• _TASK TO COMPLETE_:
Repeat every line of the data exactly; no picture belongs in the copy.
*** INPUT MATERIAL
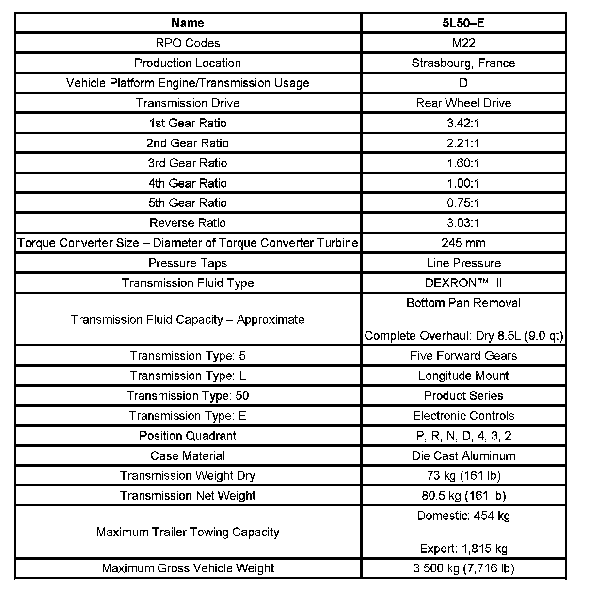 Transmission General Specifications
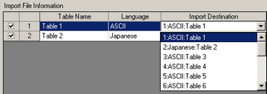 The [Table Name] and [Language] of the file to import are displayed. Select the check box to the left of the table name to import the table. Clear the check boxes next to tables you do not want to import. The imported Text Tables overwrite any existing tables in the project file.
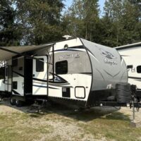 The 2017 Jayco Octane travel trailer is available for auction and offers a solid base with some notable issues. The right side body panel is bulging out, and there are creases on both the right and left sides, indicating potential structural concerns. The kitchen appliances, bathroom fixtures, and essential systems like air conditioning and heating are operational. Please review the photos for damages.
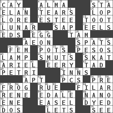 ACROSS 1. Island 4. _ mater 8. R.R. building 11. Flair 13. Rends 15. Trim (branches) 16. Old wives' tales, e.g. 17. First name in cosmetics 18. A blast of a horn 19. Type of eclipse 21. Plant excrement 22. Snakelike fish 23. Begley and Asner 24. Oval reproductive body of a fowl 27. Scottish cap 29. A really long time 30. Arguments over trivial matters 34. Opposite of masc. 36. Plant holders 39. Mexican monetary units 40. Desk light 41. Particles of soot 43. Three-handed card game 44. Satellite of Uranus 46. Suggestive of the supernatural 47. Small amount or degree 48. _ dish (used to culture cells) 49. Lodging establishments 51. Fitting 53. Personal Computers (abbr.) 54. Before (prefix) 57. Tree-dwelling hopper 60. Regret 63. Having threads 65. French philosopher Descartes 66. Peak District village in England 69. Billionth: prefix 70. Compass dir. 71. Artist's stand 72. Colored 73. Two (Sp.) 74. Allows 75. Observe DOWN 1. Cell (Danish) 2. Verbally 3. Tall tales 4. Had dinner 5. French article 6. Floor coverings 7. Type of rug 8. _ gin 9. Implement 10. Flats, for short 12. Teachers' org. 14. Back-to-school mo. 18. Storms 20. To separate or throw off 25. Republicans 26. Dwarf 28. Cleo's killer 29. Electrical Measurement 31. "____ silly question..." 32. Frog relative 33. Fast jet (abbr.) 34. Conductor's collection 35. Give off 37. Third day of the wk. 38. Empty completely 40. Pet locale 42. Synchronize (abbr.) 45. Mouth edge 50. Science/research agcy. 52. Relationship diagram 54. Live dramatic performances 55. Indian princess (variant) 56. Wear away 57. Flintstone 58. Western Nevada city 59. Washington bills 61. Hereditary estate 62. Comfort 64. Working for oneself (abbr.) 67. Allow 68. Raised railways
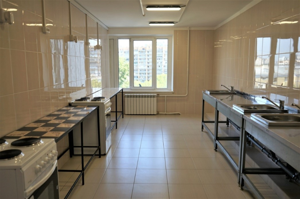 На каждом этаже расположены кухни общего пользования. В каждой кухне имеются 4 электрические плиты (по 4 конфорки каждая), 4 раковины, 6 разделочных столов. Горячая и холодная вода – постоянно. В бытовом комплексе общежития оборудованы помещения для стирки (установлены стиральные машины общего пользования) и глажки (гладильные столы, утюги). Стоимость одной стирки: бесплатная!
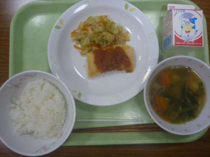 ご飯・豆腐団子スープ・いかのチリソース・野菜の中華味・牛乳です。
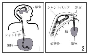 この続発性水頭症を予防するために、過剰になった脳脊髄液を、脳室内から腹腔へと排出するのが、VPシャントです。下図1がVPシャント全体像、下図2がシャントバルブと腹側チューブ、脳室側チューブの関係を示した図です。シャントバルブから左下方向に伸びているのが腹側チューブです。
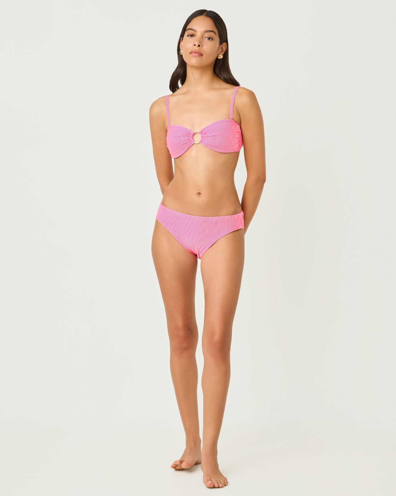 Betie Bikini Bottom In Cherry Blossom Pink Seersucker Stripe
******
• _PROBLEM SOLUTION_:
 Transmission General Specifications
 The [Table Name] and [Language] of the file to import are displayed. Select the check box to the left of the table name to import the table. Clear the check boxes next to tables you do not want to import. The imported Text Tables overwrite any existing tables in the project file.
 The 2017 Jayco Octane travel trailer is available for auction and offers a solid base with some notable issues. The right side body panel is bulging out, and there are creases on both the right and left sides, indicating potential structural concerns. The kitchen appliances, bathroom fixtures, and essential systems like air conditioning and heating are operational. Please review the photos for damages.
 ACROSS 1. Island 4. _ mater 8. R.R. building 11. Flair 13. Rends 15. Trim (branches) 16. Old wives' tales, e.g. 17. First name in cosmetics 18. A blast of a horn 19. Type of eclipse 21. Plant excrement 22. Snakelike fish 23. Begley and Asner 24. Oval reproductive body of a fowl 27. Scottish cap 29. A really long time 30. Arguments over trivial matters 34. Opposite of masc. 36. Plant holders 39. Mexican monetary units 40. Desk light 41. Particles of soot 43. Three-handed card game 44. Satellite of Uranus 46. Suggestive of the supernatural 47. Small amount or degree 48. _ dish (used to culture cells) 49. Lodging establishments 51. Fitting 53. Personal Computers (abbr.) 54. Before (prefix) 57. Tree-dwelling hopper 60. Regret 63. Having threads 65. French philosopher Descartes 66. Peak District village in England 69. Billionth: prefix 70. Compass dir. 71. Artist's stand 72. Colored 73. Two (Sp.) 74. Allows 75. Observe DOWN 1. Cell (Danish) 2. Verbally 3. Tall tales 4. Had dinner 5. French article 6. Floor coverings 7. Type of rug 8. _ gin 9. Implement 10. Flats, for short 12. Teachers' org. 14. Back-to-school mo. 18. Storms 20. To separate or throw off 25. Republicans 26. Dwarf 28. Cleo's killer 29. Electrical Measurement 31. "____ silly question..." 32. Frog relative 33. Fast jet (abbr.) 34. Conductor's collection 35. Give off 37. Third day of the wk. 38. Empty completely 40. Pet locale 42. Synchronize (abbr.) 45. Mouth edge 50. Science/research agcy. 52. Relationship diagram 54. Live dramatic performances 55. Indian princess (variant) 56. Wear away 57. Flintstone 58. Western Nevada city 59. Washington bills 61. Hereditary estate 62. Comfort 64. Working for oneself (abbr.) 67. Allow 68. Raised railways
 На каждом этаже расположены кухни общего пользования. В каждой кухне имеются 4 электрические плиты (по 4 конфорки каждая), 4 раковины, 6 разделочных столов. Горячая и холодная вода – постоянно. В бытовом комплексе общежития оборудованы помещения для стирки (установлены стиральные машины общего пользования) и глажки (гладильные столы, утюги). Стоимость одной стирки: бесплатная!
 ご飯・豆腐団子スープ・いかのチリソース・野菜の中華味・牛乳です。
 この続発性水頭症を予防するために、過剰になった脳脊髄液を、脳室内から腹腔へと排出するのが、VPシャントです。下図1がVPシャント全体像、下図2がシャントバルブと腹側チューブ、脳室側チューブの関係を示した図です。シャントバルブから左下方向に伸びているのが腹側チューブです。
 Betie Bikini Bottom In Cherry Blossom Pink Seersucker Stripe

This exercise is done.